ILEPI Testimony on a Progressive Income Tax Before the Illinois House

On Wednesday, May 2, the Illinois House Revenue & Finance Committee held a hearing on the possibility of a progressive income tax in Illinois. Frank Manzo IV, MPP, Policy Director of the Illinois Economic Policy Institute (ILEPI) provided a brief testimony. Here is what he said.

Please CLICK HERE to read a full version of the testimony.

Good afternoon, Mr. Chairman and Members of the Committee. My name is Frank Manzo IV. I am the Policy Director of the Illinois Economic Policy Institute, a nonprofit research organization that provides candid and dynamic analyses on major subjects affecting the Illinois economy.
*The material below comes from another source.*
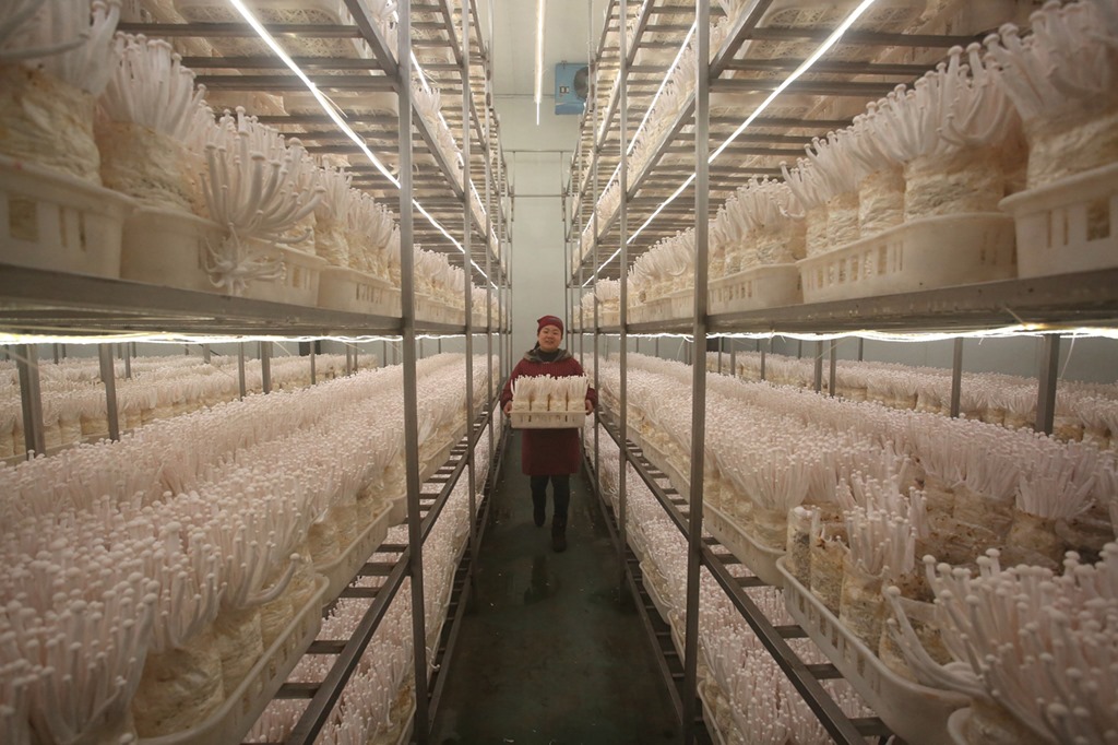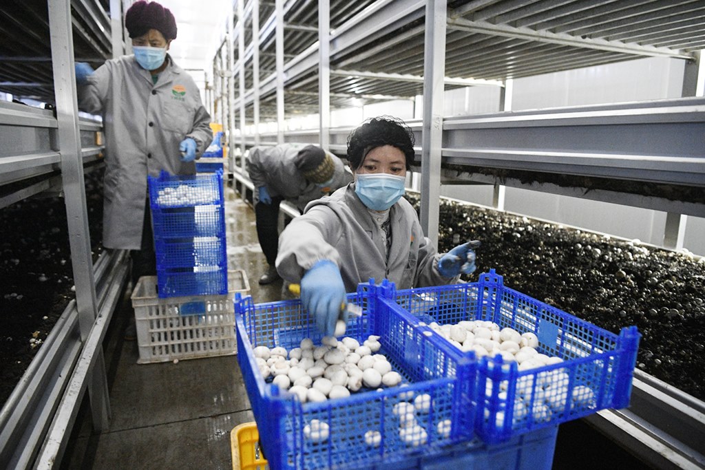 農(nóng)民在寧夏閩寧鎮(zhèn)雙孢菇栽培示范基地采摘蘑菇(2020年3月18日攝)。 新華社記者 王鵬 攝
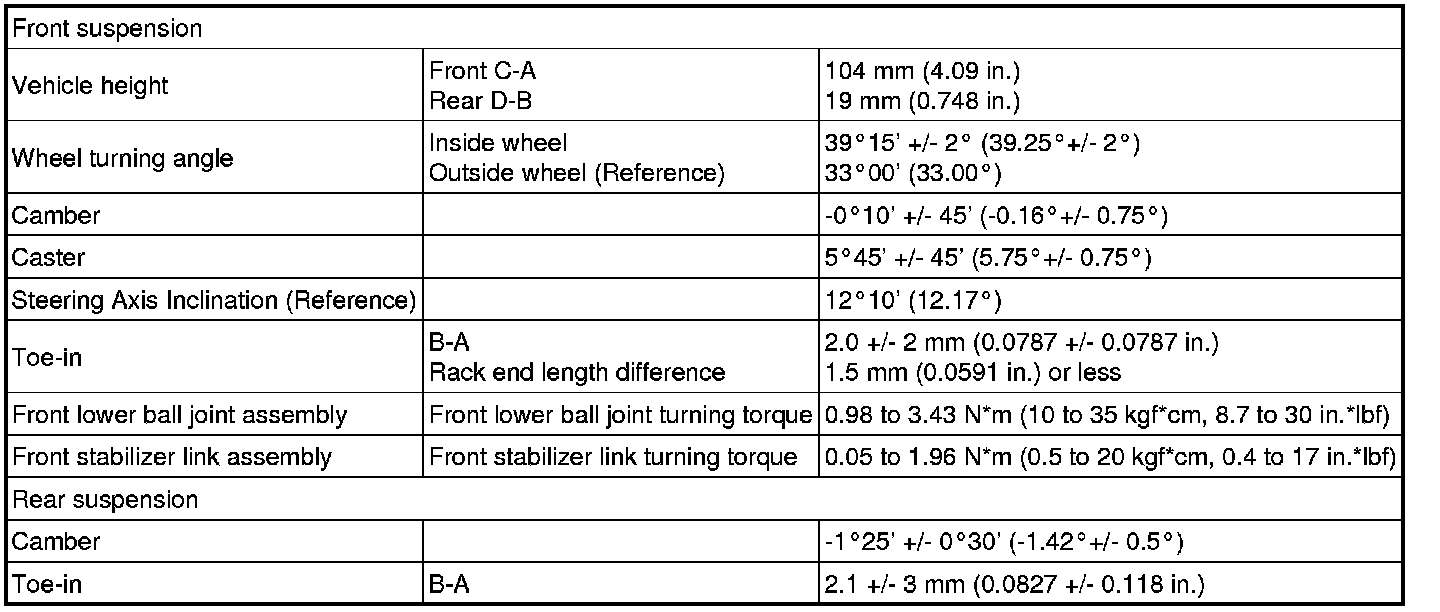 SERVICE SPECIFICATIONS: SUSPENSION: SERVICE DATA

In 2017, the Illinois Economic Policy Institute and the University of Illinois conducted an evidence-based review of public policies that grow state economies. And we concluded that, time and again, the academic research finds that investing in public education and investing in infrastructure are the most effective public policies at achieving broad-based economic prosperity. Fiscal sustainability through balanced budgets also allows governments to fund these investments and boosts business confidence.

For years, the State of Illinois has under-invested in public education, under-invested in infrastructure, and operated without budget stability. This means that our economy has grown slower than the rest of the nation. The lack of state support has produced financial distress for school districts and forced local governments to rely heavily on property taxes– a “regressive” form of taxation. State funding for universities has declined, resulting in students choosing to go out-of-state for school. And Illinois residents have become accustomed to pothole-filled roads, deteriorating transit systems, and unsafe veterans’ homes. Put simply, Illinois needs– needs– to generate additional revenue to balance the budget and enhance public investment.

Replacing the flat income tax with a graduated income tax, if done correctly, could generate the additional revenue to balance the budget and stimulate the economy– all while cutting taxes for the vast majority of Illinois households. The Center for Tax and Budget Accountability has a proposal that would cut taxes for 98 percent of Illinois taxpayers, raise them on the richest 2 percent, and generate $2 billion in revenue per year. This proposal would help make Illinois’ tax code fairer by shifting the burden from working-class families to wealthy families.

Now, we at the Illinois Economic Policy Institute are currently working with our partners at the University of Illinois Project for Middle Class Renewal to study different plans for a possible graduated income tax in Illinois. We are evaluating proposals based on a number of metrics. And we are finding that a well-designed graduated income tax can achieve many goals, including cutting taxes for the vast majority of Illinois households and raising them on the rich, holding small “pass-through” businesses harmless and boosting economic growth, and increasing public investments while cutting local property taxes.

Lastly, I just wanted to note that opponents of graduated income tax systems often present unsound arguments based on the discredited idea of “trickle-down” economics. A 2017 analysis found that the nine states with the highest top income tax rates had faster GDP growth, and faster personal income growth than the nine states with no income taxes. And opponents have no explanation for the recent failure of the experiment in Kansas, which adhered to trickle-down theories and “flattened” their progressive income tax, but later found themselves saddled with less state revenue, a budget deficit, and slow job growth. Since 2012, employment growth in Kansas has fallen behind the national average. Even Illinois had higher job growth than Kansas. The point is that trickle-down arguments often lead to unsound public policy.

Here are the two things that I really want you to take away from my testimony today.

  1. The Illinois economy is falling behind largely due to a lack of investment in public education and infrastructure, as well as a lack of investor confidence in the state.
  2. A progressive income tax could help Illinois achieve desirable policy outcomes, including cutting taxes for middle-class families while raising them on the rich, generating revenue to reduce the structural budget deficit, and providing property tax relief for homeowners.

Lawmakers should consider a constitutional amendment to permit a graduated income tax in Illinois.